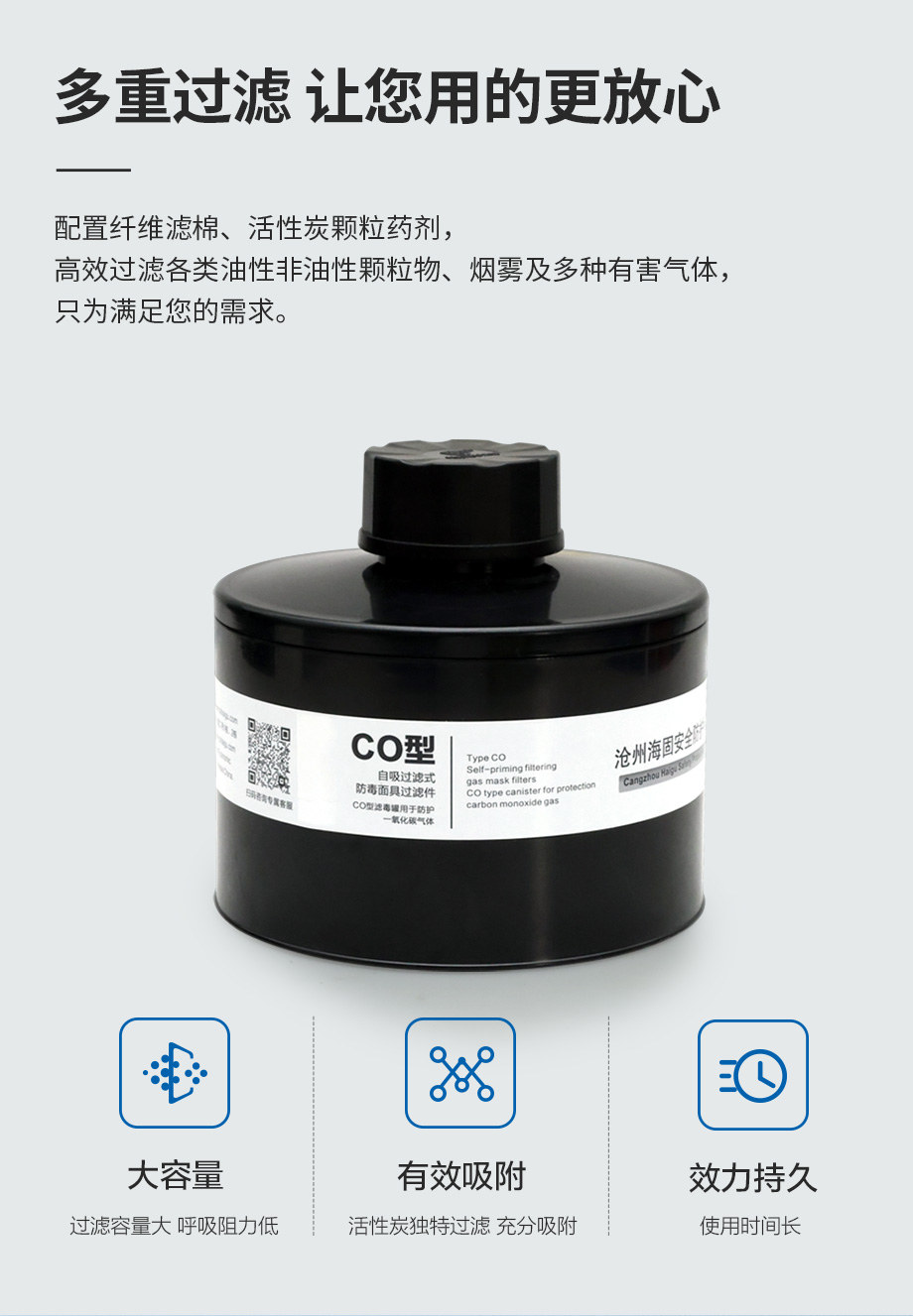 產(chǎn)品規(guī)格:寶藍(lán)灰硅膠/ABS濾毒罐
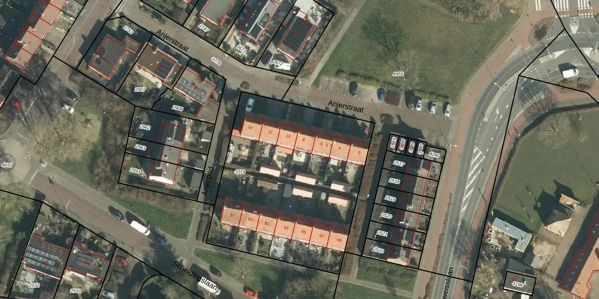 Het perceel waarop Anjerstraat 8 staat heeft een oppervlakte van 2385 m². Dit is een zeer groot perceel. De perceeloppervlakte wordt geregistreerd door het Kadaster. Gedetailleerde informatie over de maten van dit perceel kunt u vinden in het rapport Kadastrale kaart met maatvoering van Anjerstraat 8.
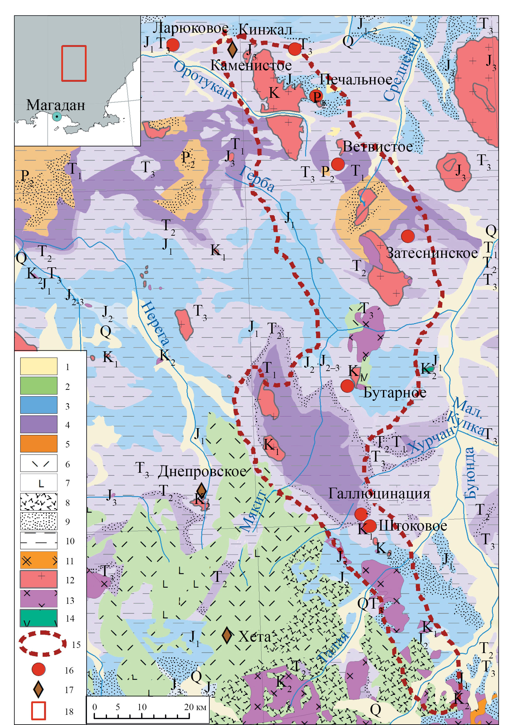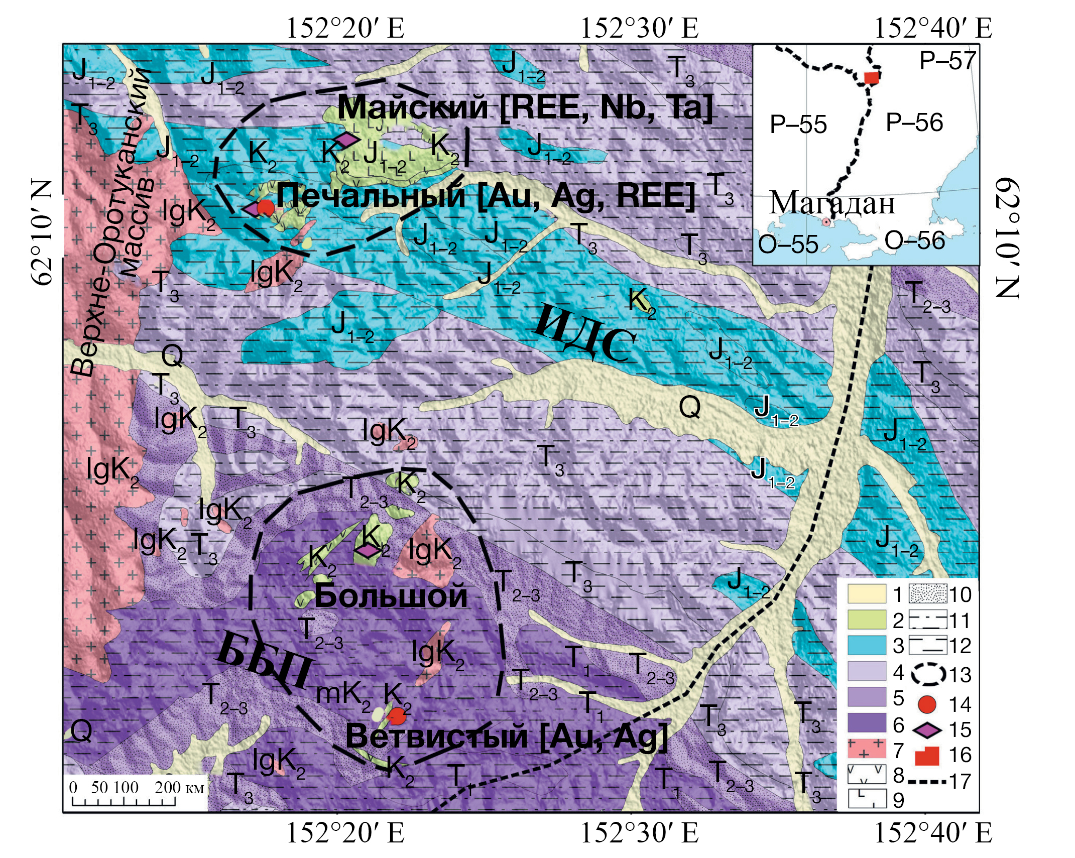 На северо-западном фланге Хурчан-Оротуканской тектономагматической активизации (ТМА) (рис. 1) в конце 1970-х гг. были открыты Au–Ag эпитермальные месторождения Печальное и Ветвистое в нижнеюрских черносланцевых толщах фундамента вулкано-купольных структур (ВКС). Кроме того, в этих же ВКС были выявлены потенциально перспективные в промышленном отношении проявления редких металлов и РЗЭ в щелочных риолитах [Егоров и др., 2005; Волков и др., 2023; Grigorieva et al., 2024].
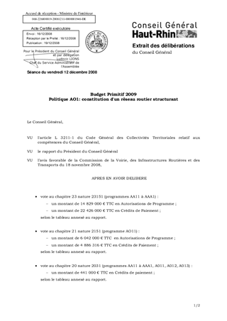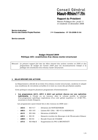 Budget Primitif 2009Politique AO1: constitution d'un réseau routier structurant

Your assignment - Reproduce the data above word for word from its first line through the line that holds "Het perceel waarop", both ends included; skip pictures.

Final answer -
 產(chǎn)品規(guī)格:寶藍(lán)灰硅膠/ABS濾毒罐
 Het perceel waarop Anjerstraat 8 staat heeft een oppervlakte van 2385 m². Dit is een zeer groot perceel. De perceeloppervlakte wordt geregistreerd door het Kadaster. Gedetailleerde informatie over de maten van dit perceel kunt u vinden in het rapport Kadastrale kaart met maatvoering van Anjerstraat 8.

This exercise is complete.